Stretches and exercises for the wrist are very helpful in alleviating the discomfort, promoting proper blood flow to the area and decreasing the accumulation of fluid. Ice or heat compresses may offer some relief, as may support braces. The braces are often most beneficial when used at night while sleeping, since this is often when symptoms are increased. Therapeutic ultrasound is often used to help to decrease the swelling. Manipulation of the wrist is also very beneficial. This will ensure that all the bones in the wrist are in correct alignment. Very often with the increase in ligament laxity and the increase in fluid, the bones become out of alignment or 'subluxated'. This only compounds the problem by causing more crowding in the carpal tunnel.

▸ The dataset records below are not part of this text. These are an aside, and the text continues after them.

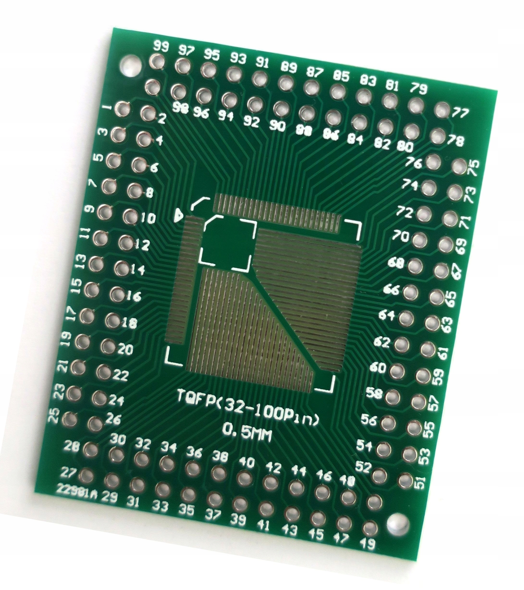 Универсальный двусторонний адаптер, позволяющий устанавливать системы TQFP SMD на универсальные платы, подходящие для монтажа компонентов THT. Можно использовать системы TQFP от 32 до 64 контактов с шагом 0,8 мм и от 32 до 100 контактов с шагом 0,5 мм.
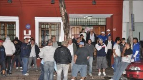 La sorpresa se dio al notar que, además de partidarios de García, en el local también había una cantidad de personas a las que pudieron identificar rápidamente como integrantes de las barras bravas de Colegiales y Platense, que tenían actitudes intimidatorias, tomaban cerveza dentro de las oficinas y le pasaban las botellas por entre las rejas a los que se encontraban en la vereda.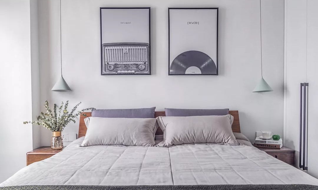 卧室的整体色彩还是以***灰为主,床两边的悬挂式阅读灯可以节省出摆放书籍的空间,衣柜的细长型把手可以拉长整个空间的视觉感受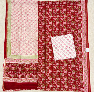 Handblock Maheshwari Suit Material with Maheshwari Dupatta(Lining Included)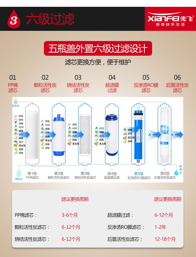 采用五瓶蓋外置六級過濾設計方案,濾芯更換方便,便于維護;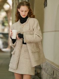 TERESA woolen tweed quilting skirt_OATMEAL

Symptoms associated with pregnancy and even the increase in true CTS symptoms usually resolve themselves within 6 weeks post partum. Occasionally they will persist and require more extensive therapy, however there is rarely a need for surgical intervention. The best way to ensure that the symptoms do not persist after pregnancy is to receive treatment during the pregnancy. If the vessels and nerves are compressed for long periods of time without relief, permanent damage is more likely to occur. Most chiropractors are knowledgeable about CTS, but you may feel more comfortable with a chiropractor that specializes in caring for women during pregnancy.